- #1

dwilmer

- 11

- 0

## Homework Statement

Solve the differential equation: y' + 2y = te^-2t with initial conditions y(1) = 0?

Please show me what I am doing wrong... (or right).. also please don't show me shortcut i need to know where I am going wrong thanks.

## Homework Equations

## The Attempt at a Solution

first i multiplied whole equation by integrating factor e^2t (e^integral(2) = e^2t)

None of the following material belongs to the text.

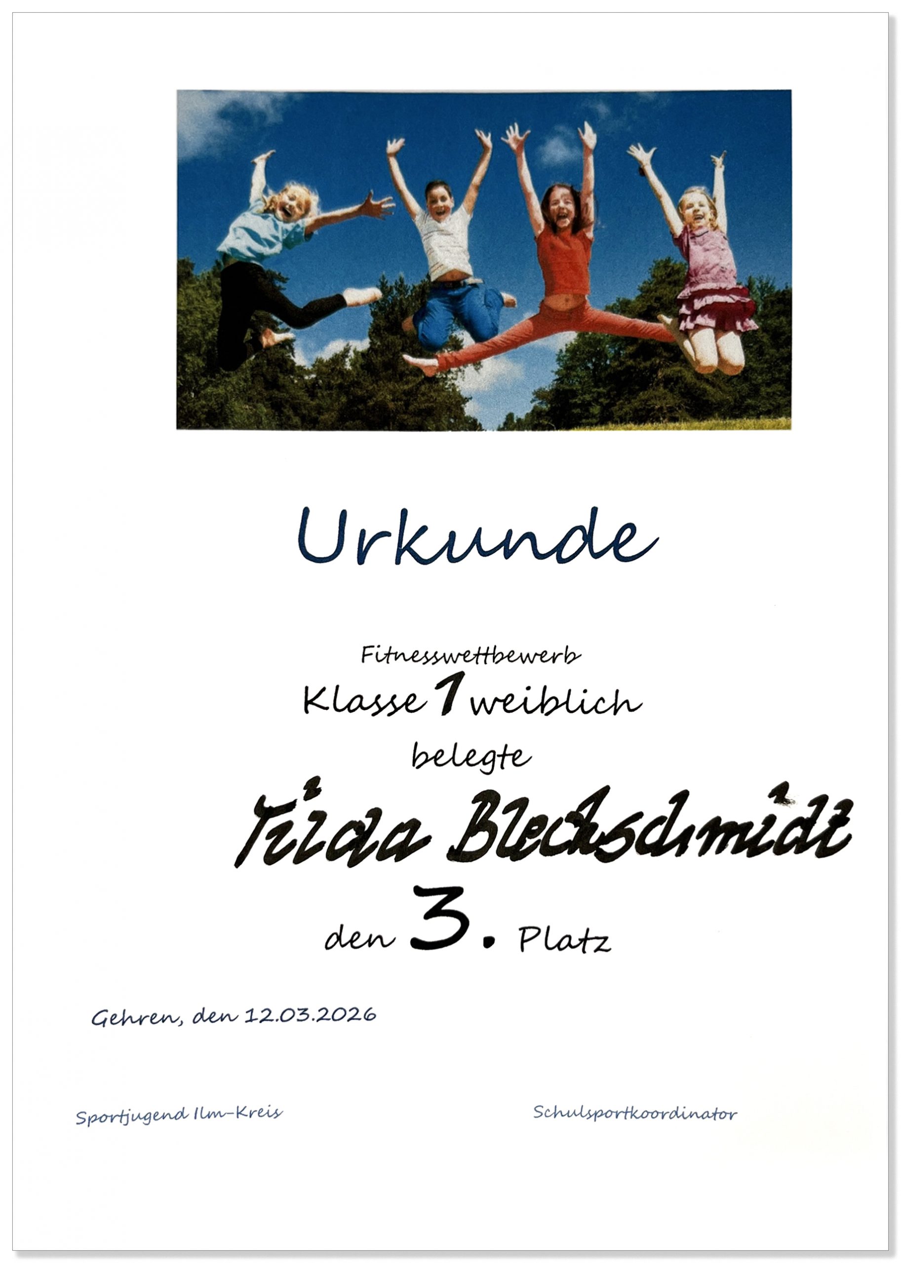 Am Donnerstag, dem 12.03.2026, nahmen insgesamt 8 Schüler*innen (jeweils zwei Kinder der 1. bis 4. Jahrgangsstufe) unserer Schule am Fitnesswettbewerb der Grundschulen teil. Der Wettkampf fand in der Turnhalle in Plaue statt. Von insgesamt 16 Schulen waren zum Wettbewerb 14 Schulen vor Ort und konnten sich in spannenden Wettkämpfen miteinander messen.

after rearranging this gave me

e^2t(y) = integ te^-2t * e^2t

i then simplified RHS to get:

e^2t(y) = integ t

then i integrated RHS to get

e^2t(y) = (t^2)/2 + c

then i isolated y to get:

y = ((t^2)e^-2t) / 2 + ce^-2t

then i applied the initial condition y(1) = 0

this gave me

0 = e^-2 / 2 + ce^-2

then i multiplied equation by 2

0 = e^-2 + ce^-2

then i factored out e^-2

0 = e^-2 (1 + c)

then i reasoned that c must = 1 and put this back into the explicit equation

y = ((t^2)e^-2t) /2 + (1) e^-2t

is this correct? the book answer says y = (t^2 -1) e^-2t /2

THANKS FOR ANY HELP